**WHAT YOU WILL DO**:
Without the pictures, set down every line of the data exactly.

**DATA BELOW**:

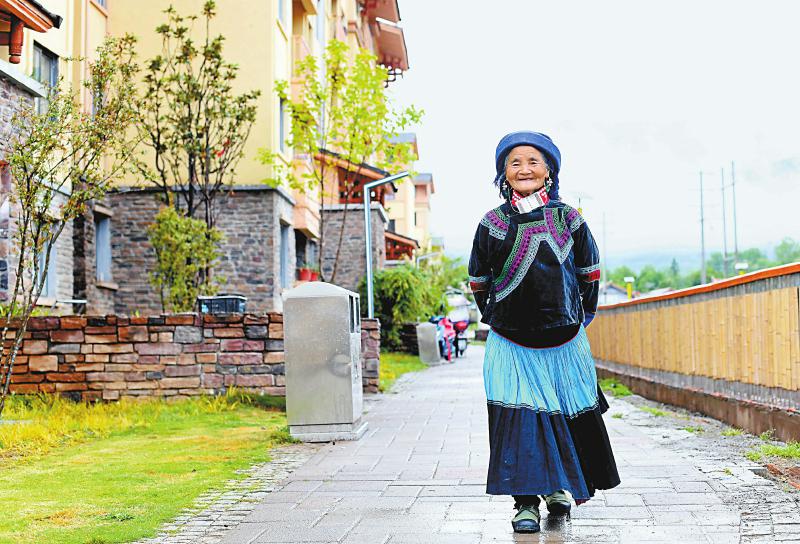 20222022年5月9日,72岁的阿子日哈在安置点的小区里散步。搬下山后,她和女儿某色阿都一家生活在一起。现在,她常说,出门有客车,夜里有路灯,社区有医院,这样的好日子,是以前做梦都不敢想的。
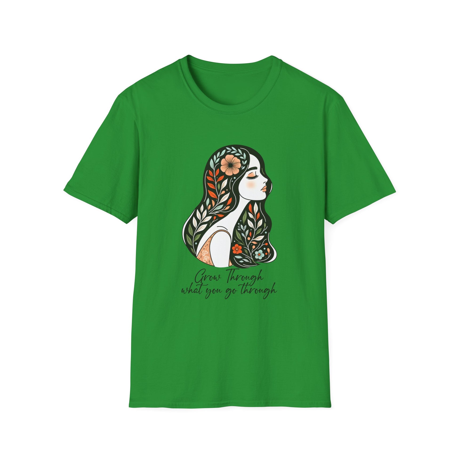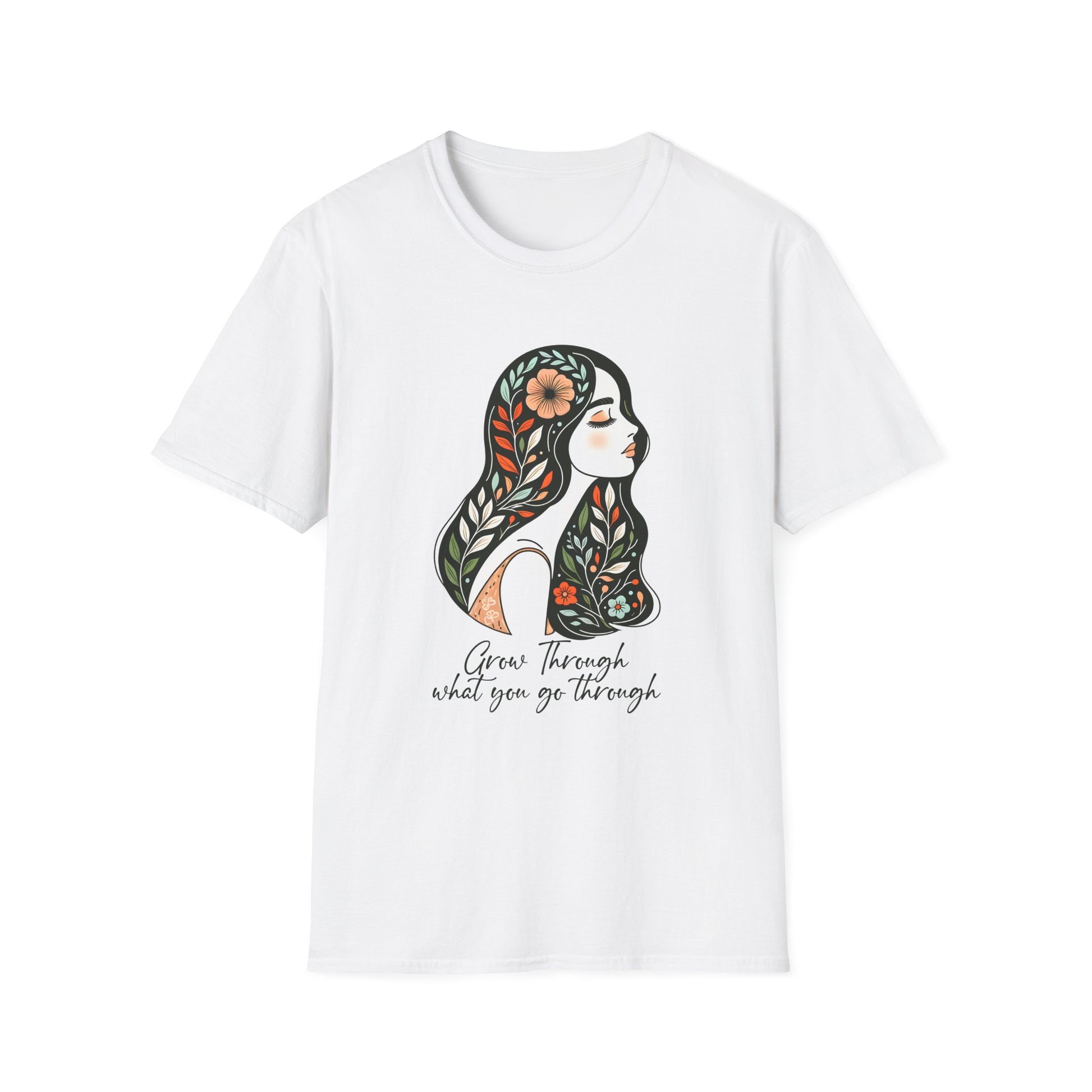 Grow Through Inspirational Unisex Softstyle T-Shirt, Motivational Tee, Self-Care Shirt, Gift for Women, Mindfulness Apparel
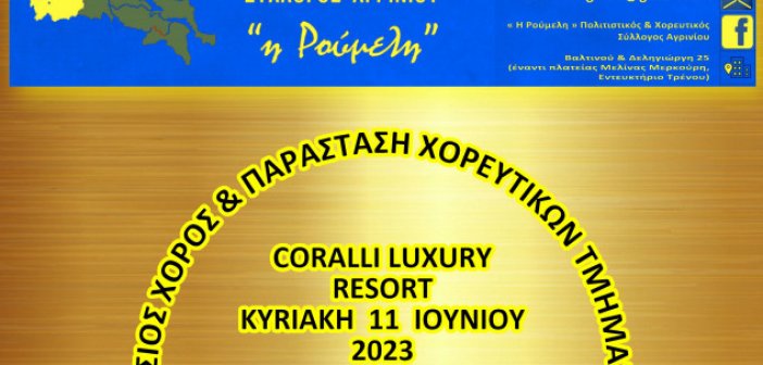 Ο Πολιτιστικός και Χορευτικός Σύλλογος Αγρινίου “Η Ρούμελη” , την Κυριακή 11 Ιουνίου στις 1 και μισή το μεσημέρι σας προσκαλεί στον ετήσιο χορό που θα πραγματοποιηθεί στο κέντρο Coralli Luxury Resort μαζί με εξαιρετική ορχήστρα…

**ANSWER FOR THE TASK**:
 20222022年5月9日,72岁的阿子日哈在安置点的小区里散步。搬下山后,她和女儿某色阿都一家生活在一起。现在,她常说,出门有客车,夜里有路灯,社区有医院,这样的好日子,是以前做梦都不敢想的。
 Grow Through Inspirational Unisex Softstyle T-Shirt, Motivational Tee, Self-Care Shirt, Gift for Women, Mindfulness Apparel
 Ο Πολιτιστικός και Χορευτικός Σύλλογος Αγρινίου “Η Ρούμελη” , την Κυριακή 11 Ιουνίου στις 1 και μισή το μεσημέρι σας προσκαλεί στον ετήσιο χορό που θα πραγματοποιηθεί στο κέντρο Coralli Luxury Resort μαζί με εξαιρετική ορχήστρα…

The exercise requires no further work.